→ **Work instructions**
Copy the lines below exactly, starting at the one with "Unaaha, Anoapress.com- Pengurus" and ending at the one with "RiteAV - 15", and leave out any picture.

→ **Stored data**
■ ■ ■ ■
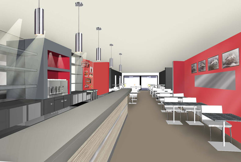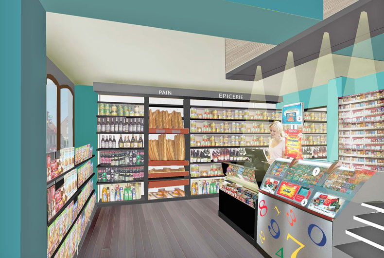 Les différents espaces en enfilade ont été ouverts les uns sur les autres pour plus de fluidité de circulation pour la clientèle et plus de visibilité pour les commerçants.
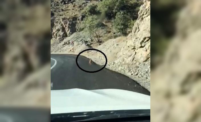 Erzincan’ın Kemaliye ilçesinde karayoluna inen kurt, otomobille seyir halindeki vatandaşların cep telefonu kamerasıyla görüntülendi.
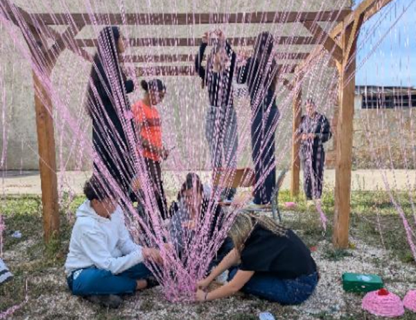 Ce projet s’inscrit dans les cours d’éducation artistique, sous forme d’exercice pratique. L’objectif : concevoir une œuvre d’art contemporaine en tissage, à partir d’une structure en bois déjà existante, et en lien avec la campagne de sensibilisation Octobre Rose mise en place de manière importante dans notre Lycée.
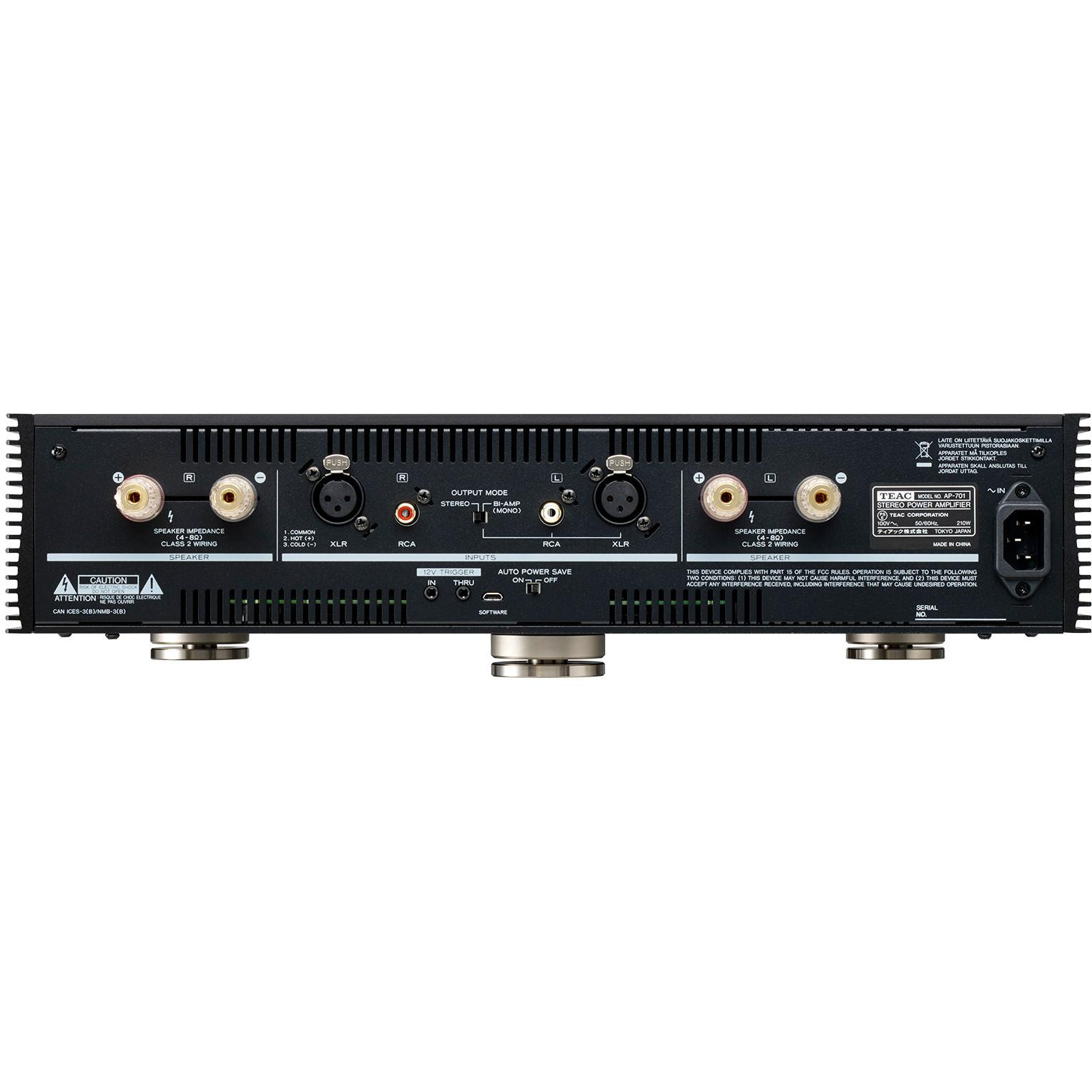 Для того, чтобы получить максимально натуральное и комфортное звучание от усилителей, работающих в классе D, TEAC AP-701 проходит специальную настройку инженерами компании. Для подключения к источнику сигнала, которым могут быть как предусилитель, так и, например, ЦАП или сетевой плеер с регулируемыми выходами, в усилителе предусмотрены балансные и небалансные входы. Акустические выходы представлены надежными винтовыми клеммами, рассчитанными на любой вариант соединения («банан», «лопатка», очищенный конец кабеля). В модели TEAC AP-701 имеется функция автоматического включения при появлении сигнала на входе, а также 12-вольтовы управляющий триггер.
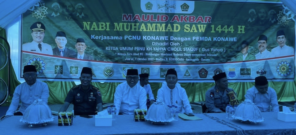 Unaaha, Anoapress.com- Pengurus Cabang Nahdlatul Ulama (PCNU) Konawe bersama Pemda Konawe menggelar peringatan Maulid Akbar Nabi Muhammad SAW 1444 H di lapangan Konggoasa, Kecamatan Amonggedo Kabupaten Konawe, Jumat (7/10).
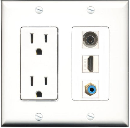 RiteAV - 15 Amp Power Outlet 1 Port HDMI 1 Port RCA Blue 1 Port 3.5mm Decorative Wall Plate
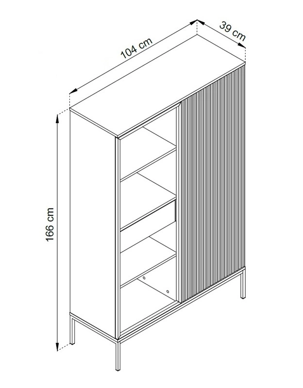 Die geriffelten Fronten sind aus 18 mm dickes MDF. Gehäuse aus hochwertiger laminierter Karton, die resistent gegen äußere Einflüsse wie Druckstellen, Stöße und unglückliche Kratzer ist. Die verglaste Front der Vitrine besteht aus einscheibensicherheitsglas in einem dunklen Farbton. Die Vitrine ist mit einem diskreten beleuchtung LED, es verleiht dem Design optische Leichtigkeit und Funktionalität. Die Struktur der Möbel wurde mit geschmackvollen goldfarbene Metallbeine.
■ ■ ■ ■
→ **Answer to this task**
 Unaaha, Anoapress.com- Pengurus Cabang Nahdlatul Ulama (PCNU) Konawe bersama Pemda Konawe menggelar peringatan Maulid Akbar Nabi Muhammad SAW 1444 H di lapangan Konggoasa, Kecamatan Amonggedo Kabupaten Konawe, Jumat (7/10).
 RiteAV - 15 Amp Power Outlet 1 Port HDMI 1 Port RCA Blue 1 Port 3.5mm Decorative Wall Plate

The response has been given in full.